(Given material):

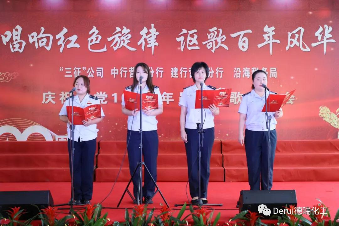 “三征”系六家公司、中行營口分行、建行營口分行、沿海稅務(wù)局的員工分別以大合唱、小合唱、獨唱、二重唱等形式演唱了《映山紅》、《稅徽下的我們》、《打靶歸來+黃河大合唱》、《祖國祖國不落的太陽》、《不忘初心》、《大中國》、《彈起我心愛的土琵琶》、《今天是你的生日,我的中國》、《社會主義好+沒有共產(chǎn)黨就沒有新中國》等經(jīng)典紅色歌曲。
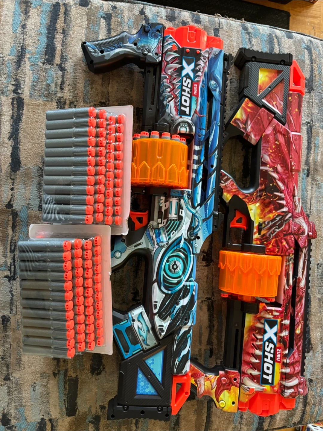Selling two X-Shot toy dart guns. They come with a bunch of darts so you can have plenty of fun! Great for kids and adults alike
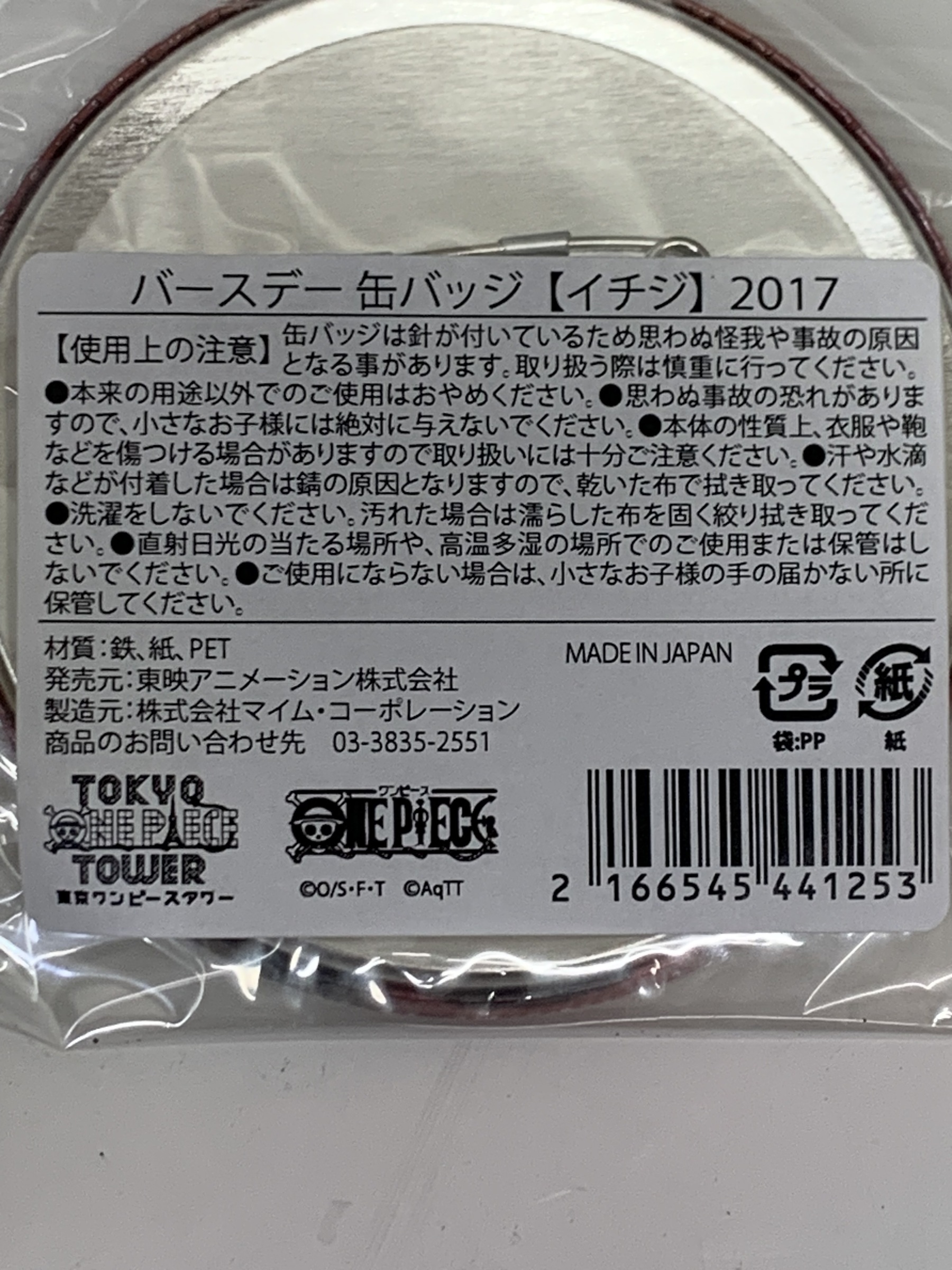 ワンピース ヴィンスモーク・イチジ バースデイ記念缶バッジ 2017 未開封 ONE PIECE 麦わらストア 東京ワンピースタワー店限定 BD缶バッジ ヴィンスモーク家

(Brief): Copy out every line above, word for word, minus images.

(Written answer):
 “三征”系六家公司、中行營口分行、建行營口分行、沿海稅務(wù)局的員工分別以大合唱、小合唱、獨唱、二重唱等形式演唱了《映山紅》、《稅徽下的我們》、《打靶歸來+黃河大合唱》、《祖國祖國不落的太陽》、《不忘初心》、《大中國》、《彈起我心愛的土琵琶》、《今天是你的生日,我的中國》、《社會主義好+沒有共產(chǎn)黨就沒有新中國》等經(jīng)典紅色歌曲。
Selling two X-Shot toy dart guns. They come with a bunch of darts so you can have plenty of fun! Great for kids and adults alike
 ワンピース ヴィンスモーク・イチジ バースデイ記念缶バッジ 2017 未開封 ONE PIECE 麦わらストア 東京ワンピースタワー店限定 BD缶バッジ ヴィンスモーク家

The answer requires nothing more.